I have read The High Calling regularly for a long time. I believe whatever we are asked to do in life is ministry when approached with the heart of Jesus. Their thoughtful posts by many authors give me concrete questions for reflection and soul searching in my own struggle for wanting to be more of a participant in the Kingdom of God.

I know for sure it is a tragedy so many of God’s children are living their lives on autopilot. They experience flashes of inspiration quickly drowned out by the endless monotony of the day to day. It leaves one empty and floating. The stay at home mother, the day laborer, the IT professional and the CFO filter side by side into the pews on Sunday and hopefully hear some exposition of God’s word with a morsel of practical application at the end. They leave. The people in full time ministry scratch their heads at the lukewarm response. In the same bewilderment most of the people drive home to let the dog out, make lunch, watch a football game and as evening approaches begin to feel an angst about the return to work. Plain old work. They pray for an average of seven minutes a day. If they are studying the Bible at all it is fast food packaging with a verse or two attached. Let’s grab our God and go. A Pinterest post with a pretty picture grabs their eye. Oh, there are nice words there too about being strong. Have courage. Trust. Hope. Yes, this is good. Now, back to my email and off to the meeting. The baby needs fed again, and there are no more clean towels. What will we eat tonight? What will I wear tomorrow? Should I buy something I don’t need on the way home so I feel like my work is producing something tangible?

I lived this life for many years.

I’ve been dancing around my call to write “Gauntlet with a Gift” for over a year now. At one point I will admit I considered myself in direct disobedience to God by not moving forward after a brief discussion with my neurosurgeon last summer. It was after I missed the Refine retreat in the spring and was hospitalized for twelve days in Maryland for plasmapheresis, God brought a messenger from Chicago to my room of desperation. She told me I had to write this story. She knew me from facebook and Team Danica. She came knowing nothing about the original call or my fits and starts with outlining the book. I finally took this seriously. Remember my rule for how God guides us? Providence. Provision.

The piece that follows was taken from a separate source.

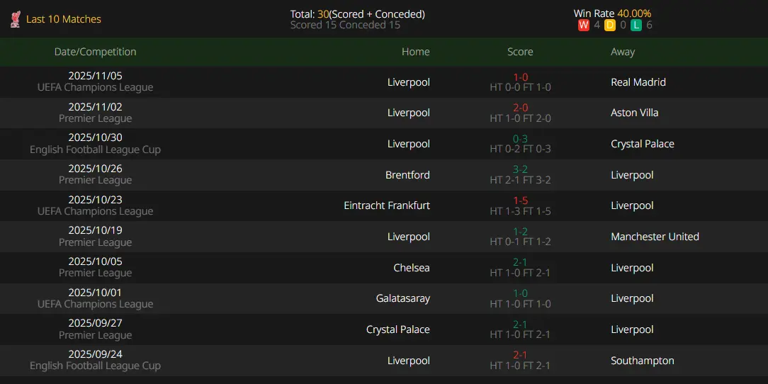 Liverpool ranks 6th in the league this season with 6 wins and 4 losses, accumulating 18 points. Their overall record is comparable to Manchester City, but their form is obviously fluctuating—only 4 wins and 6 losses in the last 10 games across all competitions. The team's away performance is mediocre, with 2 wins and 3 losses in 5 away games. The problem of offensive and defensive imbalance is prominent, and the away data of 8 goals scored and 9 conceded is hardly stable. Fortunately, the team's recent form has rebounded. They defeated Aston Villa 2-0 at home in the last Premier League round, ending their 4-game losing streak in the league, and defeated Real Madrid 1-0 in the midweek Champions League.

Gift.

I began to obey by opening up the hard beginnings of the story. It was much more than just about Danica or myself or our family. I continued to feel the need to find an opportunity to join a community of writers for encouragement and inspiration. I had been a lone ranger for a very long time. The readership of Team Danica grew out of an organic following of people who loved our family. Besides posting on facebook I did not market my blog, but you did. Even though I had a background in marketing, advertising and public relations including an employee who worked under me directly responsible for search engine optimization I did nothing to grow my place in this way either. Still, people from near and very far found us through Google searches including the names of our disorders. It turns out not many people were writing about them when all this began and certainly not someone willing to say the hard things like “HELP!” I never wanted to have links or ads or even change my simple blogger profile. It was my little space to bear my heart. I was humbled and grateful so many wanted to walk along side, continue reading, praying and supporting us.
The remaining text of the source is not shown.